== DATA FOR REVIEW ==
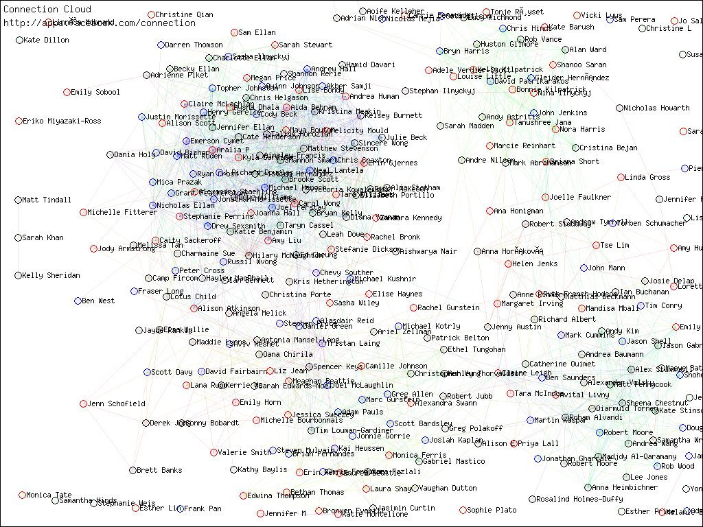 The dense cluster on the left is a tangle of high school and undergrad. The much smaller grouping on the right is Wadham College, Oxford. All around the edges and bottom are relatively or entirely isolated people – evidence of how many people I meet and random and at a sufficient level to warrant a Facebook linkage.
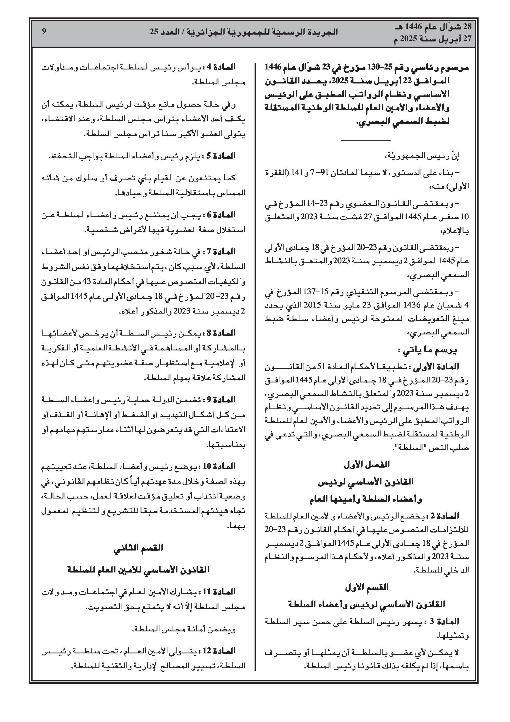 مرسوم رئاسي رقم 25-130: تحديد النظام الأساسي ونمط الأجور لرئيس وأعضاء وأمين عام السلطة الوطنية المستقلة لضبط السمعي البصري.
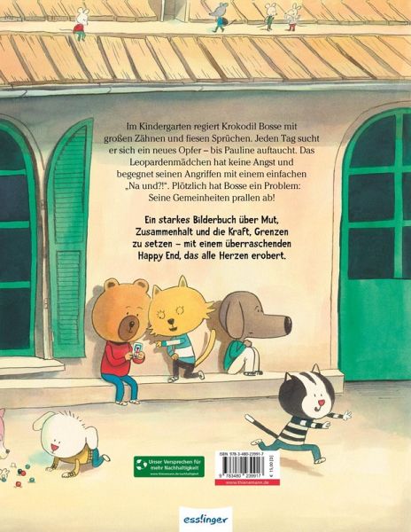 Im Kindergarten hat Krokodil Bosse das Sagen. Im Piesacken ist er der Größte. Jeden Morgen knöpft er sich ein anderes Kind vor. Und niemand wagt es, sich dagegen zu wehren ... bis das Leopardenmädchen Pauline neu an den Kindergarten kommt. Wann immer Bosse sich von nun an über andere lustig macht, hat sie nur eine Antwort parat: Na und?! Da verschlägt es Bosse glatt die Sprache, denn seine Worte haben keine Macht mehr über die anderen. Und Bosse? Schafft es endlich, zu Hause seinem fiesen großen Bruder Paroli zu bieten. Und sich bei den anderen zu entschuldigen!
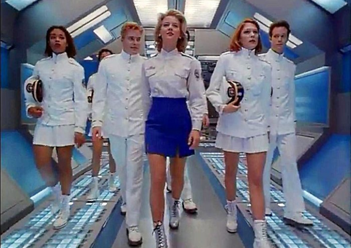 Just in case you find yourself at a loss as to who the good and bad guys are, Star Command graciously helps by color-coding uniforms. If the people are wearing black, they’re evil space Nazis. If the people are wearing the most blinding white this side of stormtroopers, they’re the virtuous space heroes. And if they’re wearing skimpy miniskirts, they’re female actors hired to be eye candy.**
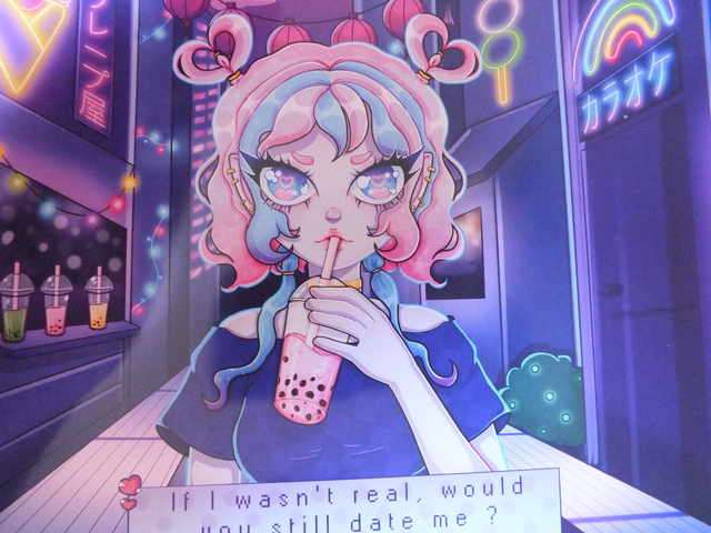 Impression de mon illustration "Bubble tea" inspirée des visual novels et du paysage urbain japonais. Impression sur papier photo brillant
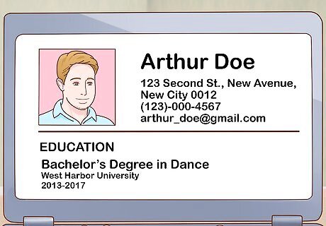 Put together a dance resume. Just like any other resume, a dance resume should highlight all of your relevant skills and experience, along with a few references. However, you should also include where you trained, what choreographers or companies you’ve worked with, and any industry-related awards or standout roles you earned. Remember to put your contact information at the top of the page so the employer can contact you if you’re chosen for the position! Keep your resume short—it should only take up one side of one sheet of paper. If you have more experience than you can fit on one sheet, focus on the experience that’s most recent and most relevant to the position you want.
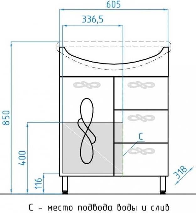 Тумба с раковиной Style Line Венеция 61 ЛС-00000254
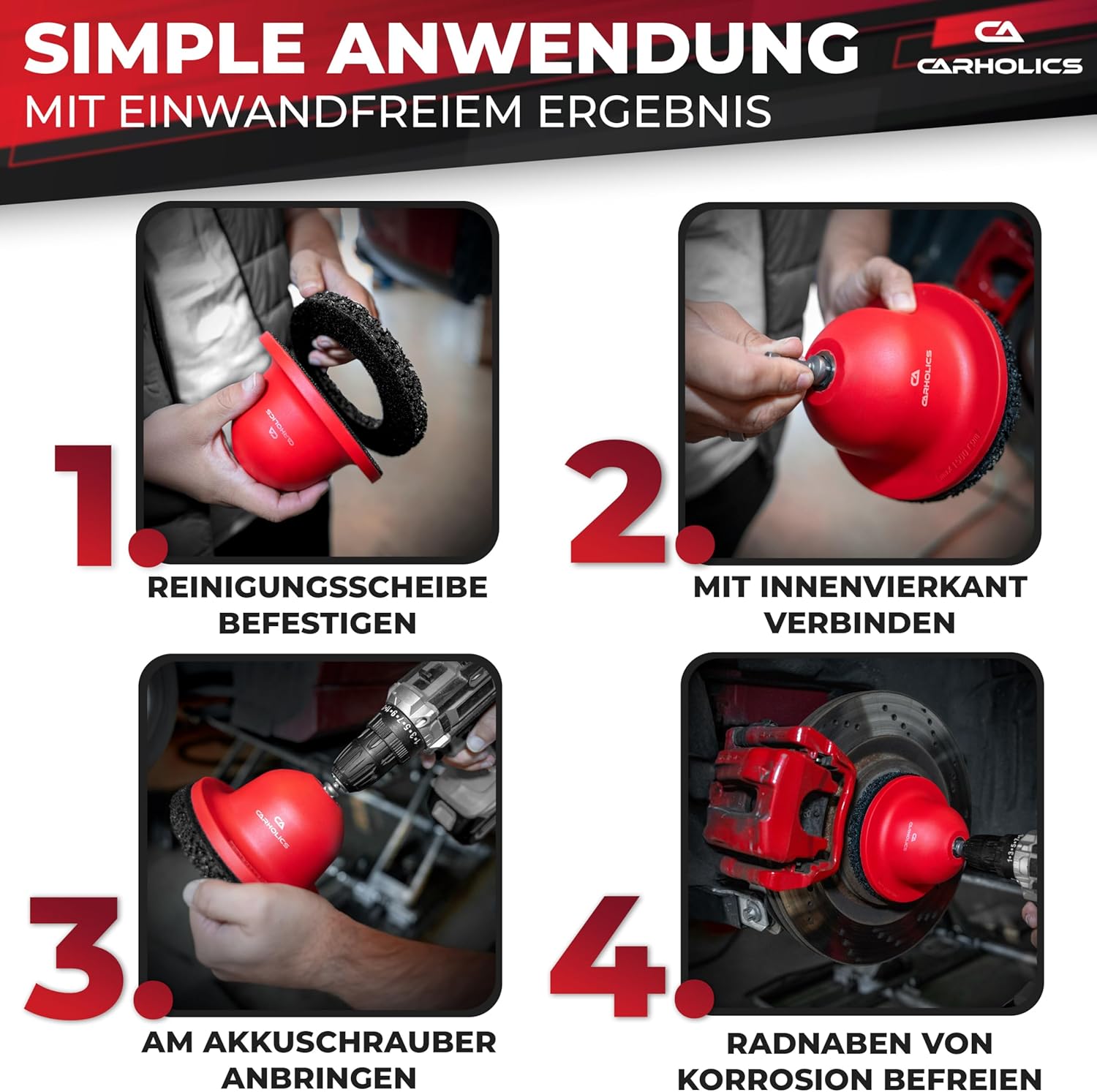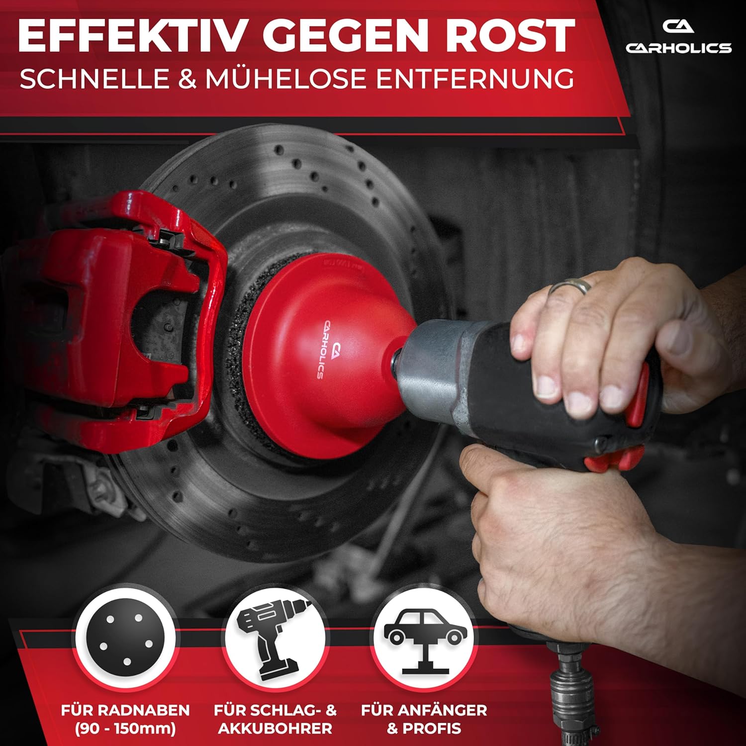 Der CARHOLICS Radnabenschleifer Auto ist das unverzichtbare Werkzeug für alle KFZ-Profis und ambitionierten Schrauber, die bei jedem Reifenwechsel Zeit sparen wollen. Er ermöglicht die mühelose und gründliche Entfernung von hartnäckigem Rost und Schmutz an Radnaben sowie Felgenflanschen. Ein ideales Hilfsmittel für Werkstätten und professionelle Reifendienste, um die Montagefläche perfekt vorzubereiten.
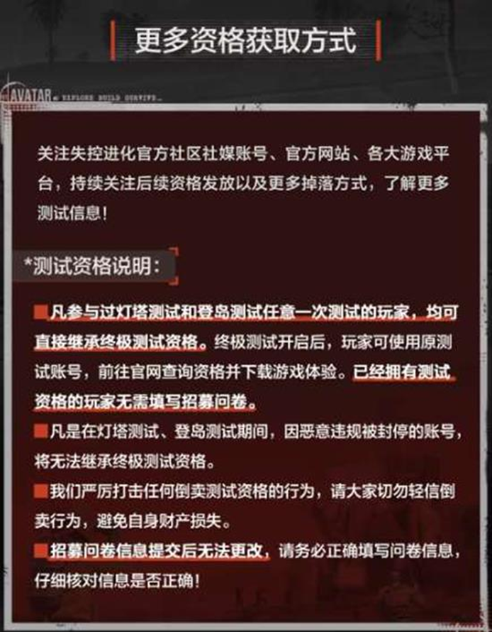 对于已经参与过灯塔测试和登岛测试的玩家,你们可以直接继承终极测试资格,无需再次填写招募问卷。但请注意,如果在之前的测试中因违规被封停账号,将无法继承资格。我们提醒所有玩家,不要轻信任何倒卖测试资格的行为,以免造成财产损失。
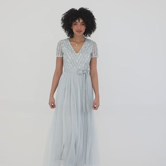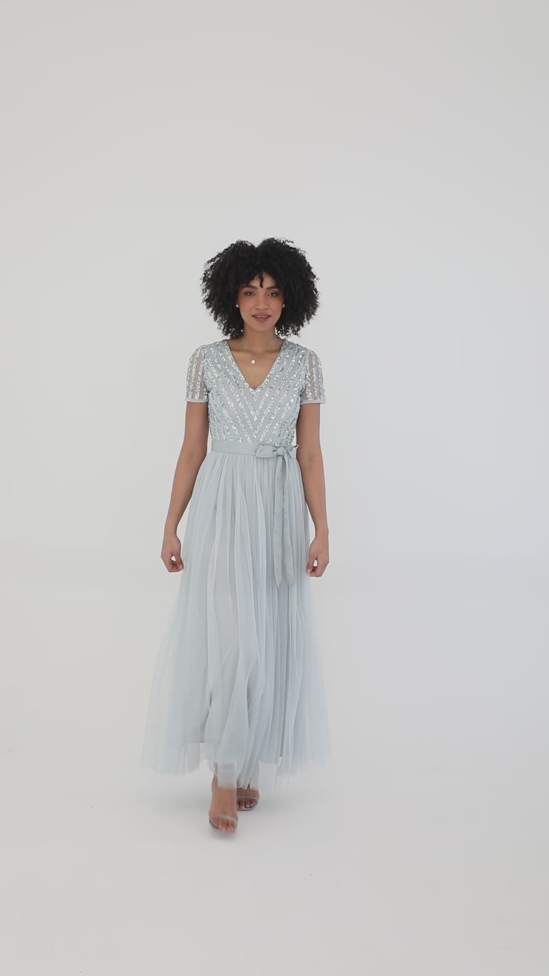 Our most popular bridesmaid style is now available in this stunning Pale Blue shade! At the heart of this dress lies a meticulously arranged stripe embellishment that follows the lines of the classic V Neckline and strikes contrasting angles on the sheer short sleeves. A-line shape is crafted from delicately draped tulle fabric forming a flattering silhouette while the satin sash belt sitting atop the waist adds a charming finishing touch and further accentuates the figure.
===
**EXERCISE DETAILS:** Hand back the records above exactly, leaving out every picture.

**RESULT FOR THIS TASK:**
 The dense cluster on the left is a tangle of high school and undergrad. The much smaller grouping on the right is Wadham College, Oxford. All around the edges and bottom are relatively or entirely isolated people – evidence of how many people I meet and random and at a sufficient level to warrant a Facebook linkage.
 مرسوم رئاسي رقم 25-130: تحديد النظام الأساسي ونمط الأجور لرئيس وأعضاء وأمين عام السلطة الوطنية المستقلة لضبط السمعي البصري.
 Im Kindergarten hat Krokodil Bosse das Sagen. Im Piesacken ist er der Größte. Jeden Morgen knöpft er sich ein anderes Kind vor. Und niemand wagt es, sich dagegen zu wehren ... bis das Leopardenmädchen Pauline neu an den Kindergarten kommt. Wann immer Bosse sich von nun an über andere lustig macht, hat sie nur eine Antwort parat: Na und?! Da verschlägt es Bosse glatt die Sprache, denn seine Worte haben keine Macht mehr über die anderen. Und Bosse? Schafft es endlich, zu Hause seinem fiesen großen Bruder Paroli zu bieten. Und sich bei den anderen zu entschuldigen!
 Just in case you find yourself at a loss as to who the good and bad guys are, Star Command graciously helps by color-coding uniforms. If the people are wearing black, they’re evil space Nazis. If the people are wearing the most blinding white this side of stormtroopers, they’re the virtuous space heroes. And if they’re wearing skimpy miniskirts, they’re female actors hired to be eye candy.**
 Impression de mon illustration "Bubble tea" inspirée des visual novels et du paysage urbain japonais. Impression sur papier photo brillant
 Put together a dance resume. Just like any other resume, a dance resume should highlight all of your relevant skills and experience, along with a few references. However, you should also include where you trained, what choreographers or companies you’ve worked with, and any industry-related awards or standout roles you earned. Remember to put your contact information at the top of the page so the employer can contact you if you’re chosen for the position! Keep your resume short—it should only take up one side of one sheet of paper. If you have more experience than you can fit on one sheet, focus on the experience that’s most recent and most relevant to the position you want.
 Тумба с раковиной Style Line Венеция 61 ЛС-00000254
 Der CARHOLICS Radnabenschleifer Auto ist das unverzichtbare Werkzeug für alle KFZ-Profis und ambitionierten Schrauber, die bei jedem Reifenwechsel Zeit sparen wollen. Er ermöglicht die mühelose und gründliche Entfernung von hartnäckigem Rost und Schmutz an Radnaben sowie Felgenflanschen. Ein ideales Hilfsmittel für Werkstätten und professionelle Reifendienste, um die Montagefläche perfekt vorzubereiten.
 对于已经参与过灯塔测试和登岛测试的玩家,你们可以直接继承终极测试资格,无需再次填写招募问卷。但请注意,如果在之前的测试中因违规被封停账号,将无法继承资格。我们提醒所有玩家,不要轻信任何倒卖测试资格的行为,以免造成财产损失。
 Our most popular bridesmaid style is now available in this stunning Pale Blue shade! At the heart of this dress lies a meticulously arranged stripe embellishment that follows the lines of the classic V Neckline and strikes contrasting angles on the sheer short sleeves. A-line shape is crafted from delicately draped tulle fabric forming a flattering silhouette while the satin sash belt sitting atop the waist adds a charming finishing touch and further accentuates the figure.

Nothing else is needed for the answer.